Blog

Data Lake / Mesh / Data Fabric and Everything in Between

The Active Metadata

Share
Subscribe to our blog

Submit this form to subscribe to illumex Blog. Your privacy is important; we won’t share your details. Use ‘unsubscribe’ in the blog to stop receiving Metadata, Data Fabric, and LLM Governance content.

Submit this form to subscribe to illumex Blog. Your privacy is important; we won’t share your details. Use ‘unsubscribe’ in the blog email digest to stop receiving Metadata, Data Fabric, and LLM Governance content.

My Impressions and Perspectives on the Gartner® Data & Analytics Summit 2023 – Part 3.

Contents of this blog series:

  1. Lead for Purpose. Connect with Trust. Make an Impact.
  2. Governance is Even a Hotter Topic in the Era of ChatGPT, and 12 Steps to Address Data Quality for Good.
  3. Data Lake / Mesh / Data Fabric and Everything in Between (The Active Metadata).


In the previous blog, I addressed how Governance prepares enterprises to achieve technological breakthroughs while maintaining quality. In this blog, I cover what feels to me like the dawn of a new era in Data Management: the rise of Active Metadata as a glue between different components and the enabler of Augmented Governance and Data Fabric/Data Mesh.

Gartner named the 2020s the “Era of Active Metadata” (as opposed to the 2010s being the “Era of LDW” and the 2000s the “Era of post-EDW”) [1]. Between Data Lake, Data Mesh, Data Fabric, DataOps, Metadata, and other popular buzzwords, and the rise of Generative AI tools, I feel it is hard for organizations to decide where to head first.

I summarized multiple sessions from the Gartner Data & Analytics Summit 2023 dealing with these Data Management topics to help you make sense of the definitions, implementations, pros and cons, long-term strategy and prioritization, etc. 

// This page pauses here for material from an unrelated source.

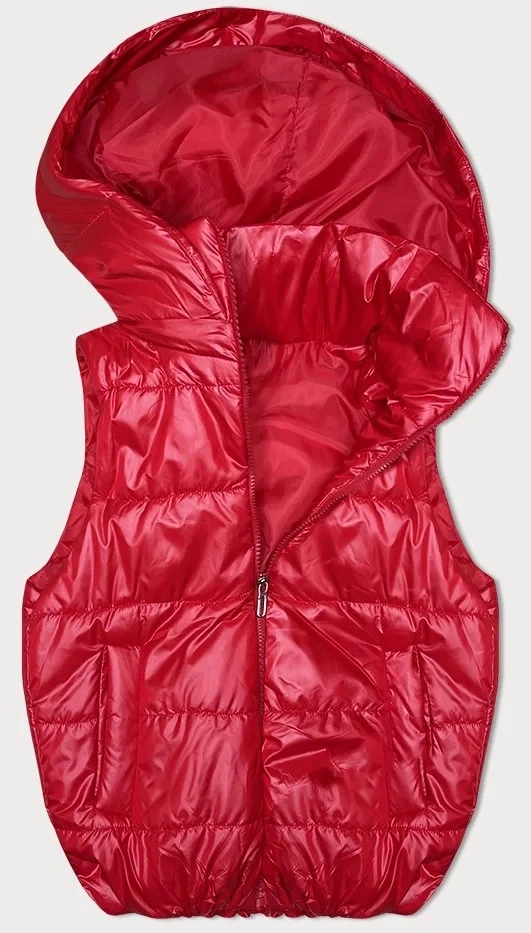 Červená péřová vesta s odepínací kapucí (B8247-4)

But first thing’s first: what is the underlying Data infrastructure we will use in “the Era of Metadata”? I hope, by now, many of you will answer “data lake.”

Data Lake


“Avoid Data Lake Failures by Addressing Modern Lake Requirements” [2] was Donald Feinberg’s session about data lakes and how to make them work. With Donald’s recent announcement of his retirement, I was happy to have a chance to hear Donald this last time (for me) on a stage.

The Data Lake concept is not new, and we used to expect Apache Hadoop to be a kind of on-prem data lake, but, of course, with no ACID or governance. In my experience with Hadoop, it was mainly used for Data Science projects. According to the presentation, this was the typical use case. It is common knowledge that the majority of Hadoop installations didn’t work. With no curation, Hadoop is just a massive bag of files, and it requires talent to access the data from ETL or Business Intelligence Applications. So swamp it was.

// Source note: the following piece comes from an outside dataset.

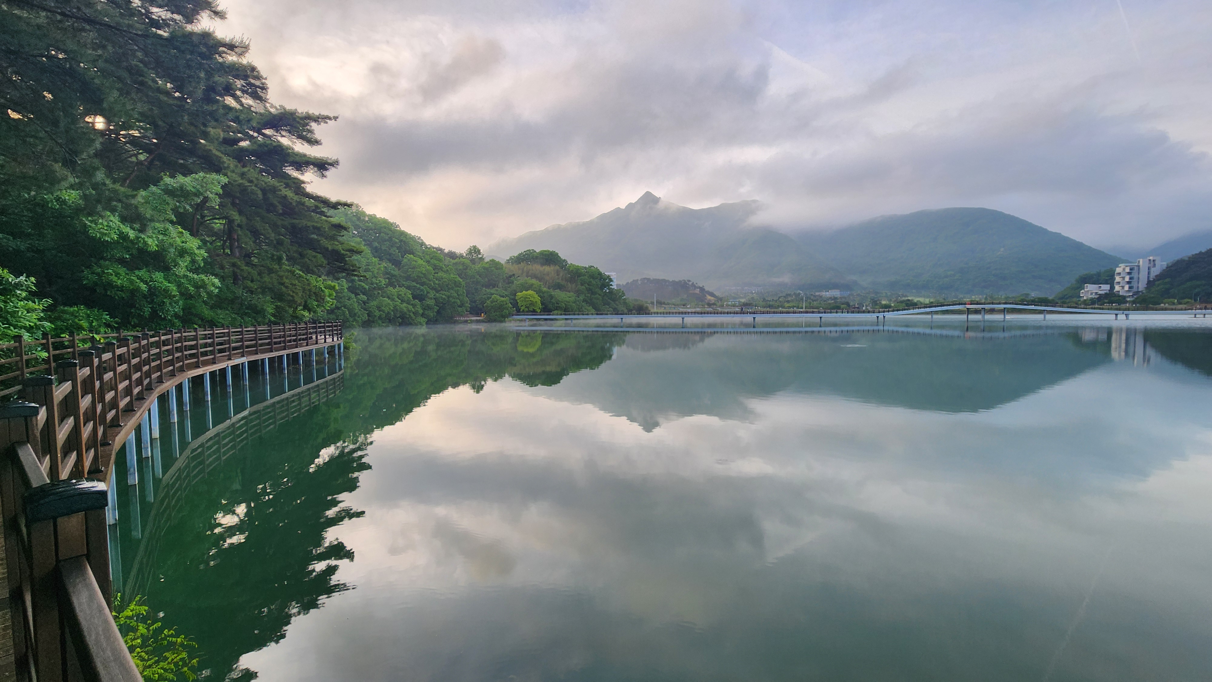풍경을 담고 내장산에서 흘러나오는 아침공기를 마시며 천천히 호수를 거닐어야 분위기가 맞아 보인다.

Funnily enough, history still repeats itself: Data Lakes should have metadata, governance, and data zones to serve operational and analytic use cases. Otherwise, they quickly turn into swamps. 

According to Don, if you are successful in your Data Lake implementation, you should expect exponential growth of use cases like Data Science, self-service, customer 360, warehousing, and reporting, to which you should prepare. 

The preparation advice from Don was to use one cloud, not on-prem or multi-cloud.

Also, Data Lakes should have multiway collaborations between the D&A Center Of Excellence (Architect, Steward, DS/DE/MDM) and the functional units (citizen everything). You know all those horrific stories about different units “keeping their data to themselves” – this will not fly with a data lake.

So how do we facilitate the collaboration? Don says: 

  • “Curate your data lake- To assure required data is present, reduce data redundancy,enforce data standards and control data retention
  • Govern the usage of the lake’s data – For business compliance, privacy and security
  • Require diverse semantics (metadata, catalog, lineage) – As documentation of the lake’s data, to facilitate data exploration and reuse, plus avoid the swamp.”

     

Nothing lasts forever under the sun, and, as I learned, Data Lakes today are facing a plateau, approaching 20-25% of the Total Addressable Market using them successfully. So what is next after Data Lake? Lakehouse!

The Lakehouse: what is it? Lakehouse is an architecture that combines a warehouse and data lake on the same platform. If you implement it, plan to have lots of skilled talent to support it: from data architects and modelers to DE, and DataOps, from Semantic experts to DPM, Stewards, DS, and Business Analysts.

I know that Hadoop’s success implementation rates are in the low double digits, similar to Lakes. What should you do to increase your chances of ending up on this statistic’s positive side?

Don recommends:

  • Focus on delivering business value: design your data lake for multiple use cases to achieve higher business value.
  • Select data management tools to support many ingestion, refinement, processing and delivery methods.
  • Evolve toward a data ecosystem: plan for changes and increases with all these and other data lake components.
  • Staff and skill-up for the data lake: data product managers, data scientists and data engineering are high-profile.
  • Make sure your lake doesn’t get muddy: curate, govern and secure the data allowed.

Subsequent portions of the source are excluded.